La comunidad de montes de Moaña aspira a que la Romaría do Leñador sea declarada de interés turístico gallego
14 ago 2009 . Actualizado a las 02:00 h.La comunidad de montes de Moaña celebra desde hace 16 años la Romaría do Leñador en el monte de Outeiro do Cruceiro. Inicialmente se hizo el día de San Isidro, pero tras coincidir varios años seguidos con lluvias que obligaron a aplazarlas, los organizadores decidieron cambiarla para el 15 de agosto. Según comentaba uno de los directivos, el santo, molesto por endosarle un patronazgo que no le corresponde (el de los leñadores), les enviaba lluvia cada año para hacerlos entrar en razón.
La organización aspira a que la Xunta declare la romería de interés turístico. Se sumaría así a las de Cangas (la Semana Santa y las danzas de Aldán, O Hío y Darbo) y a la del Millo corvo de Bueu.
Lo que la distingue de otras romerías es el concurso de corte de troncos. A diferencia de los vascos, los de Moaña cortan troncos de eucalipto, una madera dura que requiere tanto esfuerzo y habilidad como paciencia. En fin, que los comuneros organizaron un concurso a la moañesa, al que acuden hombres y mujeres dispuestos a mostrar sus habilidades con «machados do país», la única herramienta admitida.

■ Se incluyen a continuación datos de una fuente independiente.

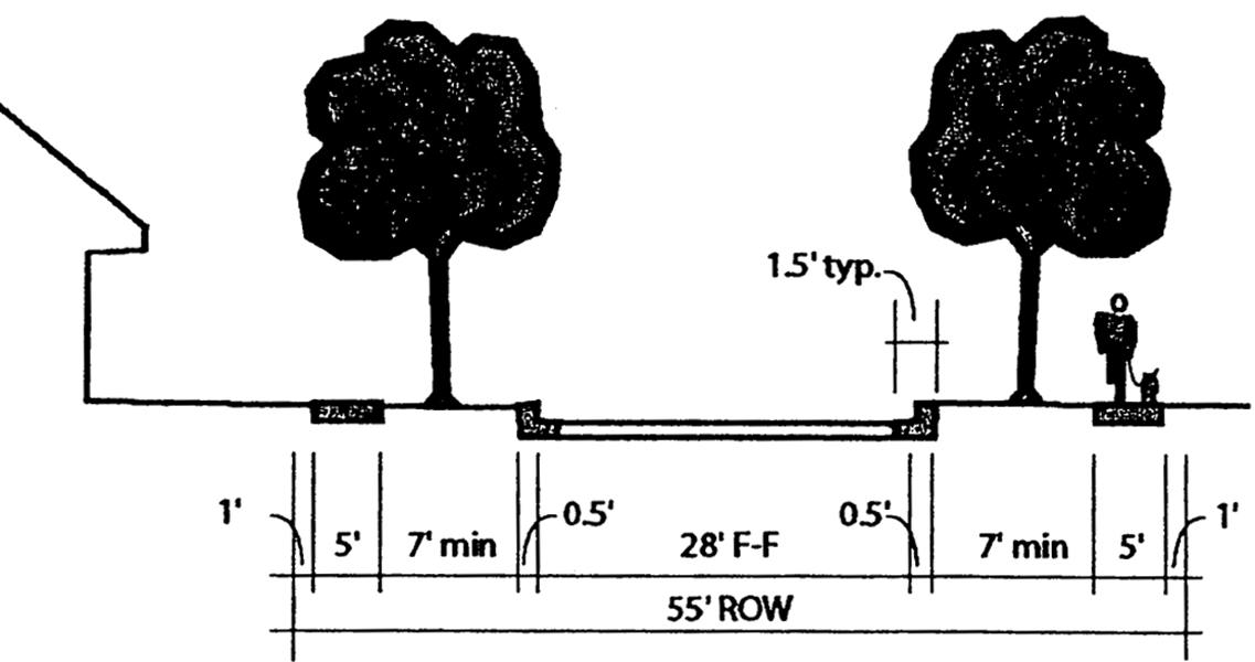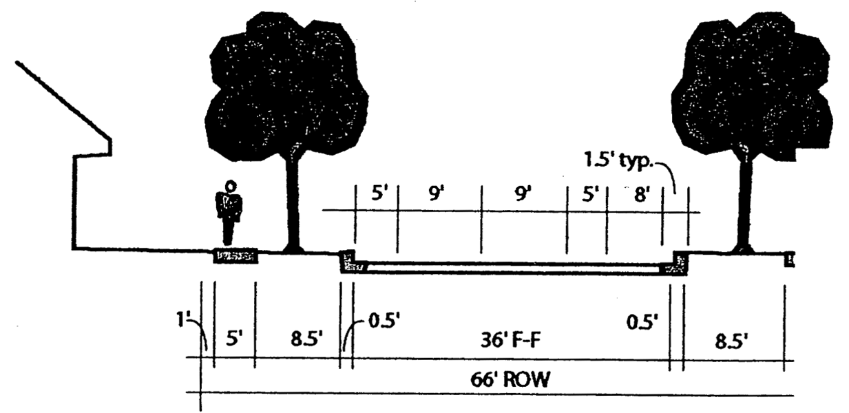 Major internal circulation roadways must be separated from parking areas using curb and gutter, landscaping, pedestrian walkways, and lighting.

A la competición de corte se suma la de «tronzadores», con sierra. Para los no tan energéticos hay una competición de «tiro á chave» que comenzará a las cuatro de la tarde. Los premios son jamones, lacones y chorizos.
Para animar la fiesta, a las doce de la mañana actuará el grupo folclórico Breogán. A las 12.30 comenzará el concurso de corte de troncos. Competirán los inscritos en la primera tanda. Al finalizar, volverá a actuar Breogán dando paso a la comida.
Habrá un «polbeiro» y chiringuitos con vino, empanadas, sardinas y demás productos típicos de una romería. Quien opte por el marisco puede bajar al centro de Moaña, a Reibón, a la Festa do Naseiro para probar las nécoras y camarones, porque el pulpo ya lo tienen en el Outeiro.
En esta edición, los organizadores optaron por suprimir dos de los actos que se celebraron el pasado año: la carrera de caballos y los conciertos de música rock destinados a los jóvenes. El pasado verano fueron más bien un fracaso, con pocos jinetes y un público joven escaso en el concierto nocturno.